Хотя последние десятилетия Хань оказались печальны, эта династия все же внесла большой долгосрочный вклад в триумф империи в Восточной Азии. До 221 года до н. э. интеллектуалы мечтали об объединении Китая, и 400 лет правления Хань воплотили их мечту в жизнь и сформировали модель, которой пользовались все последующие китайские правители. На протяжении большей части из этих четырех веков режим Хань поддерживал имперский мир в тех землях, где прежде не прекращались опустошительные войны. В мирное время повысилось благосостояние населения и расцвела великолепная высокая культура. Китай гораздо глубже проник в Центральную Азию, в процессе связав два конца Евразии Шелковым путем и открывшись влиянию извне. Появление стройной конфуцианской государственной идеологии и бюрократии, все более верной ее ценностям, имело важнейшее значение для выживания китайского имперского государства в долгосрочной перспективе, а также для поддержания системообразующего союза империи с социальными и интеллектуальными элитами Китая. Китайская имперская модель, однако, не успела полностью сформироваться к моменту гибели династии Хань в 220 году н. э. Это произошло лишь после эволюции системы экзаменов на государственную службу, появления неоконфуцианского учения, а также экономического и культурного развития в эпоху Сун (Х-XIII века). И все же эпоха Хань стала огромным шагом в этом направлении.
Глава VII
Кочевники
С самого начала первого тысячелетия до нашей эры воинственные кочевники держали под контролем пастбища Северной Евразии. Так продолжалось на протяжении 2500 лет. Эти пастбища простирались широким коридором длиной более 4 800 км от Венгрии на западе до Монголии на востоке. Власть кочевников, однако, не ограничивалась их пределами. В обозначенную эпоху ключевым вопросом евразийской геополитики был вопрос о том, находится ли оседлое общество в досягаемости у кочевников. Прежде всего это определялось расстоянием, но также климатом, топографией и растительностью – кочевникам особенно хорошо жилось на плоских пастбищных землях, где они могли кормить своих лошадей и эффективнее всего применять в бою кавалерию. В предыдущих главах уже говорилось о влиянии кочевников на древний Ближний Восток, а также на Римскую и Ханьскую империи. В остальной части книги эта тема будет выражена еще ярче. Османы и Моголы были потомками тюркских кочевников из Внутренней Азии. Династия Цин (маньчжурская) зародилась в лесах и на пастбищах Маньчжурии. В последующих главах мы рассмотрим, как правители из этих династий совмещали ценности своих предков, конных воинов, с культурой и политическим наследием оседлых народов, которыми они правили. В этой главе, однако, я сосредоточусь на Внутренней Азии и империях, созданных воинами-кочевниками в этом регионе.

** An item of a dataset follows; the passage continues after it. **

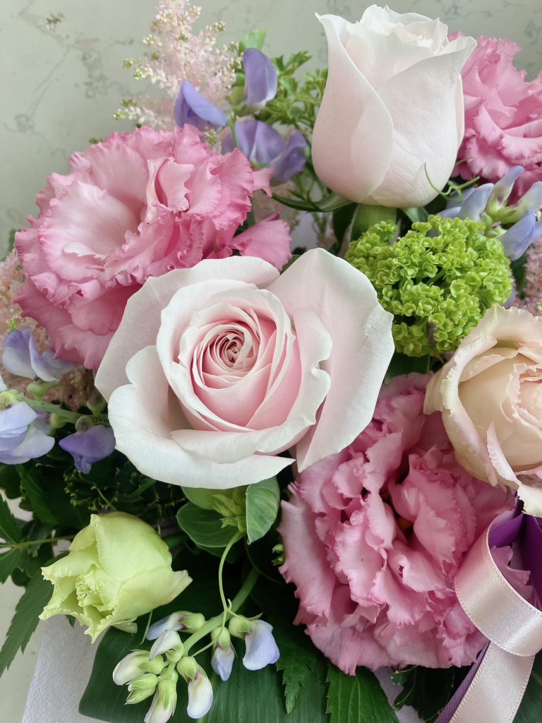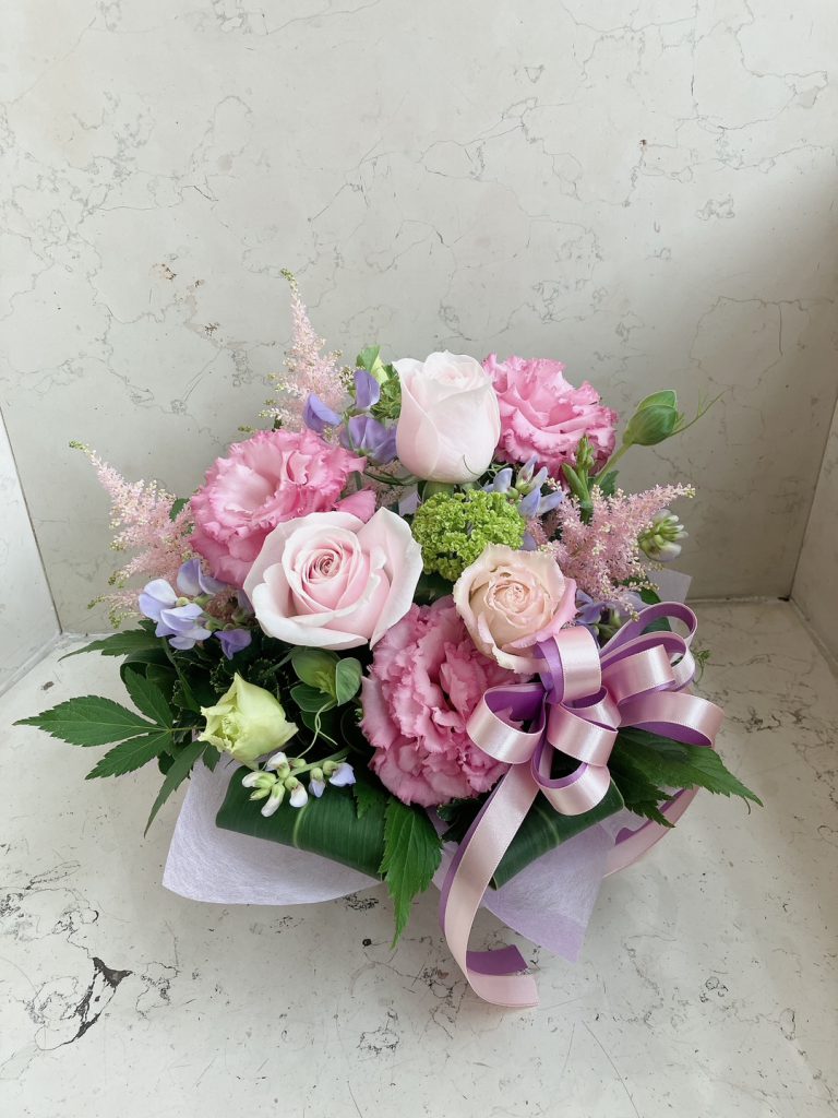 淡いピンクパープルの上品な色合いのアレンジメント。
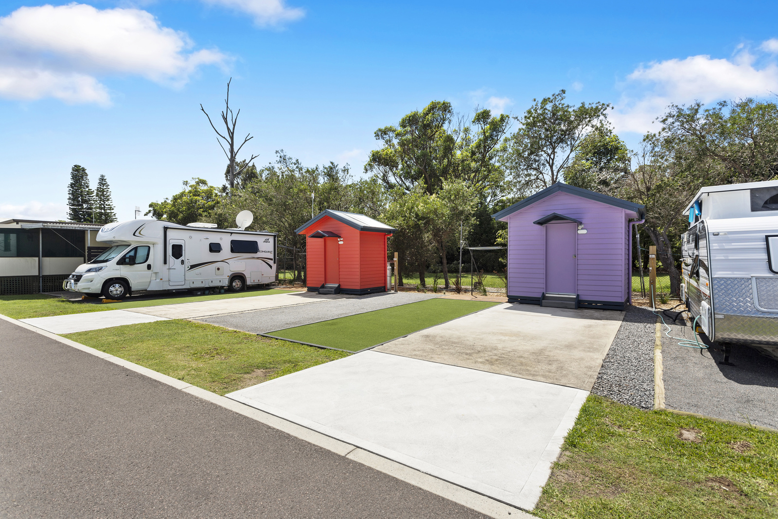 Our Ensuite Laundry Caravan Sites offer a private bathroom with shower & toilet, and your very own washing machine and dryer. Each site has evergreen turf for your annex and a car space beside your site.

Главную проблему здесь представляют источники. Письменных источников по истории кочевников намного меньше, чем по истории оседлых народов. В подавляющем большинстве случаев они написаны чужаками, которые не жили в степях, а потому были плохо информированы об укладе кочевников и враждебно настроены к ним. Греки и римляне, персы и китайцы считали себя цивилизованными народами, а кочевников – варварами. Их презрение к этим варварам усугублялось страхом перед ними. Ветхий Завет приводит слова пророка Иеремии: “От шума всадников и стрелков разбегутся все города… Колчан его – как открытый гроб… Вот, идет народ от страны северной… [они] держат в руках лук и копье; они жестоки и немилосерды, голос их шумит, как море, и несутся на конях”[15]1.
Имеющиеся у нас источники позволяют нам неплохо разобраться в социальной структуре и материальной культуре степного мира. Так, восхитительные предметы роскоши, обнаруженные археологами в погребениях царей и знати, доказывают, что в степи, как и у оседлых народов, царили иерархия и неравенство. Изучить убеждения кочевников сложнее, а познакомиться с характерами и внутренним миром правителей степных империй и вовсе невозможно. С этим нам придется повременить до более поздней эпохи, когда появится достаточно источников со сведениями об османских, могольских и цинских монархах. Надеюсь, не одни лишь предрассудки склоняют меня к мысли, что наследственные правители, которые жили позднее и воплотили в себе хитросплетение черт степных воителей и оседлых культур, были более интересными людьми, чем их простые и суровые воинственные предки.